# INPUT DATA:

■ ■ ■ ■ ■

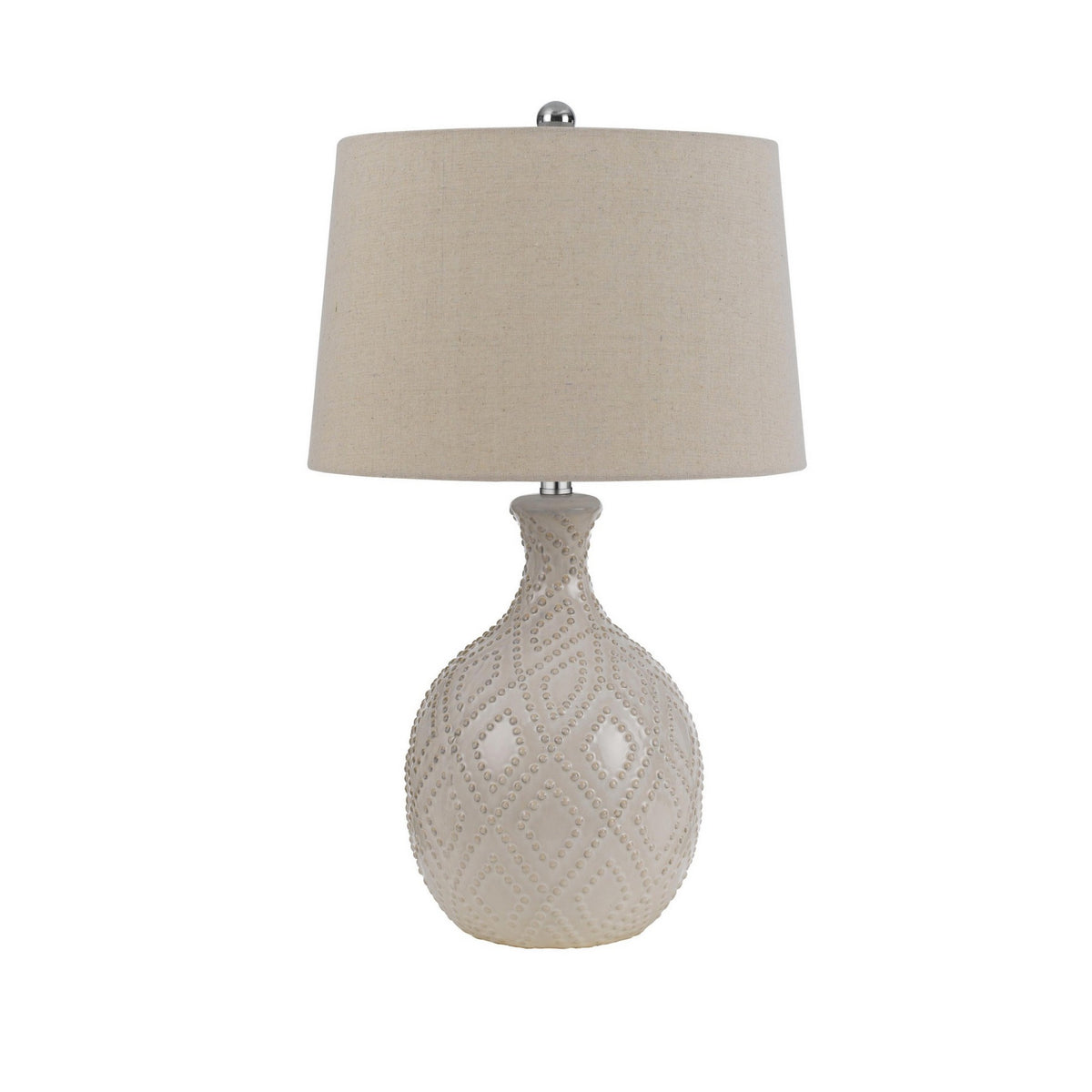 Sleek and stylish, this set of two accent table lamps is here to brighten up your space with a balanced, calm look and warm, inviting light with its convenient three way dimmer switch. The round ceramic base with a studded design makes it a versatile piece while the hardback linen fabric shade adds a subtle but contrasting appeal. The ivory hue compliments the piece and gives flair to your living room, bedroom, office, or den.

■ ■ ■ ■ ■

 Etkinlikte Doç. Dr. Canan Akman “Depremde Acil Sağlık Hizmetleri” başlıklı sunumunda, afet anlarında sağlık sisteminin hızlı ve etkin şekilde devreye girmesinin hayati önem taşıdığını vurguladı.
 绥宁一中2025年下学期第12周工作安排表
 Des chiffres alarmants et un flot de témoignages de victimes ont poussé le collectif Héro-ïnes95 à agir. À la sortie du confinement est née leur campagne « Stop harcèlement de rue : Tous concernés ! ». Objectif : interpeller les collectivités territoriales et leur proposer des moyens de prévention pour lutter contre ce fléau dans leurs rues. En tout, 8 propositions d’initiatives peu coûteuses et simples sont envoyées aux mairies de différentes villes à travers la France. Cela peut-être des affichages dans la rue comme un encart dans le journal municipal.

■ ■ ■ ■ ■

# WHAT YOU SHOULD DO:
Above are some lines. Repeat exactly, and only, those from the line that has "Etkinlikte Doç. Dr." through the line that has "Des chiffres alarmants".

# SOLUTION FOR THIS TASK:
 Etkinlikte Doç. Dr. Canan Akman “Depremde Acil Sağlık Hizmetleri” başlıklı sunumunda, afet anlarında sağlık sisteminin hızlı ve etkin şekilde devreye girmesinin hayati önem taşıdığını vurguladı.
 绥宁一中2025年下学期第12周工作安排表
 Des chiffres alarmants et un flot de témoignages de victimes ont poussé le collectif Héro-ïnes95 à agir. À la sortie du confinement est née leur campagne « Stop harcèlement de rue : Tous concernés ! ». Objectif : interpeller les collectivités territoriales et leur proposer des moyens de prévention pour lutter contre ce fléau dans leurs rues. En tout, 8 propositions d’initiatives peu coûteuses et simples sont envoyées aux mairies de différentes villes à travers la France. Cela peut-être des affichages dans la rue comme un encart dans le journal municipal.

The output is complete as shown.